During the police questioning soon after the couple’s disappearance, the two brothers would declare that they knew absolutely nothing of Chanda and Jugnu’s arrival back in England. But during their talks—part boasts, part confessions—to family members and close friends back in Pakistan, they would admit that Barra had seen Jugnu go past the shop during that early hour.

Jugnu, being watched by Barra from the window, stopped when he noticed the time on the clock-tower that stood in one corner of the Mount Pleasant primary-school playground. It was a quarter to five— fifty-five minutes to sunrise. His wristwatch showed Pakistani time and he took a few seconds to wind the hands back. Barra went into the room of his younger brother—Chotta—in order to wake him. “You preferred being murderers to being the brothers of a sister who was living in sin?” one of the people they would tell the truth to, over there in Pakistan, would ask them. “Yes,” they would say, “because it was we who made the choice to be murderers. We are men but she reduced us to eunuch bystanders by not paying attention to our wishes.”
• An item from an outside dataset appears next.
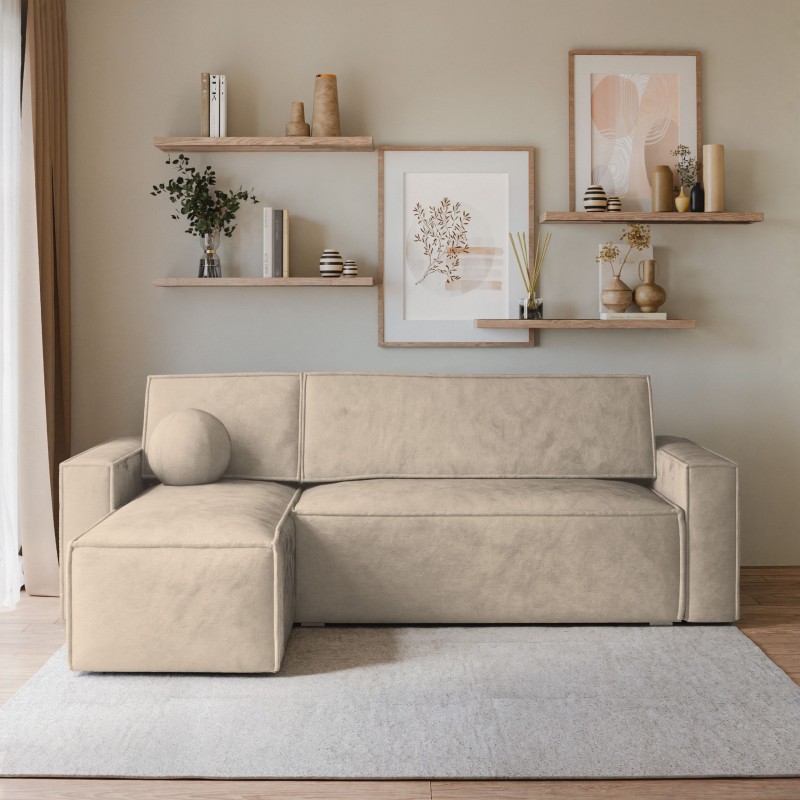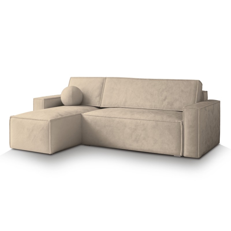 Masseno Narożnik RAVELO z funkcją spania i pojemnikiem na pościel Narozniki L, Rozkładana sofa - Kremowy, MONOLITH 04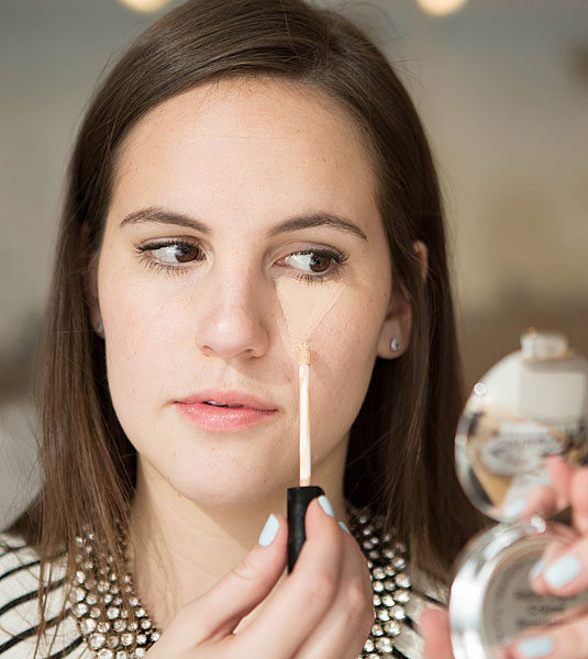 จริงๆแล้วการทาคอนซีลเลอร์ใต้ตามีเทคนิคง่ายๆแค่นิดเดียว ถ้าใครยังกลบแพนด้าไม่มิดหรือยังแต่งหน้าออกมาดูเลอะๆ ต้องเก็บข้อมูลนี้ไปให้ดี เทคนิคที่ง่ายแสนง่ายนี้คือการทาคอนซีลเลอร์ที่บริเวณมต้ตา “เป็นรูปสามเหลี่ยมคว่ำ” แล้วค่อยๆใช้นิ้วมือ ฟิงน้ำ หรือแปรงก็ได้ค่อยๆเกลี่ยเบลนให้กลืนไปกับผิว เทคนิคนี้นอกจากจะช่วยปิดรอยหมองคล้ใต้ตาได้อย่าถูกจุดแล้ว ยังแก้ปัญหาถุงใต้ตาได้ดีมาก แถมใบหน้ายังดูมีมิติมากขึ้นเพราะลงตรงจุดที่ขับหน้าดูพุ่งขึ้นมาพอดี

When both her marriages in Pakistan failed and she came back to England, Chanda had been asked by her brothers and father to consider wearing the all-enveloping
burqa.
The men said they felt awkward and ashamed when they were with their friends on a street corner and she went by. “We see the looks in their eyes—some pity us, some blame us for not having found you a better life,” they said. If she wore a
burqa
no one would know it was her as she went by. The shop was named after her— Chanda Food & Convenience Store—but the sign above the entrance was painted over after she came back trailing the stink of failed marriages. The old name, it was felt, would needlessly remind people of the girl, their next thought probably being, “Chanda—the twice-divorced girl.”
I feel I
am being erased,
Chanda wrote in her diary angrily.

Chotta was not in his room when the elder brother Barra entered it. Barra knew where he could be—in Kiran’s stealthy arms, in the room next to where her bed-ridden father lies—and he left the house to go fetch him. He went in the opposite direction from Jugnu, and he didn’t yet know that he had seen Jugnu alive for the last time. On his way to Kiran’s house, he had to go past the mosque and he met and exchanged greetings with several men who were gathered outside in the half dark, mentioning examples of the just-deceased cleric’s holiness to each other.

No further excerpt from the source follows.